Source records:
______

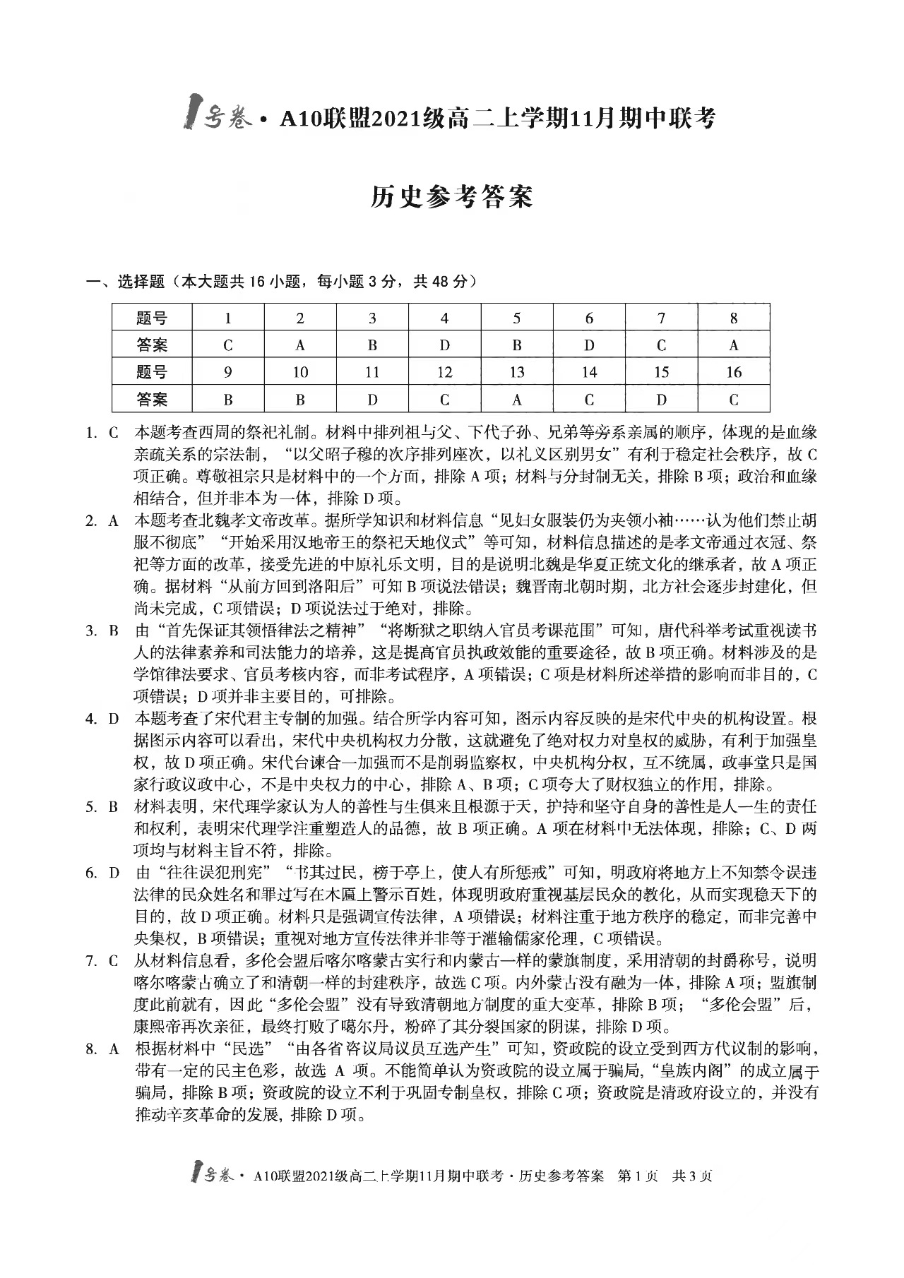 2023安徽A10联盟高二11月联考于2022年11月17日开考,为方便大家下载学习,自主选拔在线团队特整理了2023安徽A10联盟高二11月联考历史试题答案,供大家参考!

______

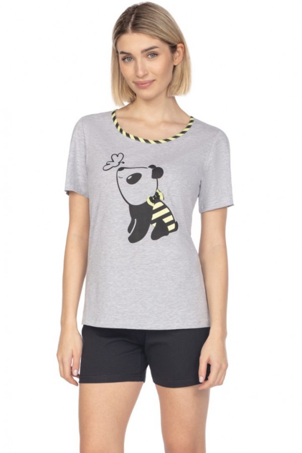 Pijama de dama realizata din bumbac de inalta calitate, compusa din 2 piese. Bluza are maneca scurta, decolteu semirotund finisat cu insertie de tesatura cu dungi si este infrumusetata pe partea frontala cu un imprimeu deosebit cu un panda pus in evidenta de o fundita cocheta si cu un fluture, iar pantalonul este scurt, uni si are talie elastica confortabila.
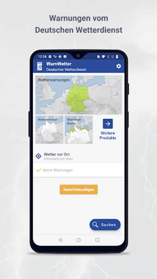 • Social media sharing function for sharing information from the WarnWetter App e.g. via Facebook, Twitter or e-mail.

______

Task description:
Transcribe, from the material above, the stretch starting at the line with "Pijama de dama" and ending at the line with "Twitter or e-mail.", both included, exactly. Do not carry over pictures.

Output for this task:
 Pijama de dama realizata din bumbac de inalta calitate, compusa din 2 piese. Bluza are maneca scurta, decolteu semirotund finisat cu insertie de tesatura cu dungi si este infrumusetata pe partea frontala cu un imprimeu deosebit cu un panda pus in evidenta de o fundita cocheta si cu un fluture, iar pantalonul este scurt, uni si are talie elastica confortabila.
 • Social media sharing function for sharing information from the WarnWetter App e.g. via Facebook, Twitter or e-mail.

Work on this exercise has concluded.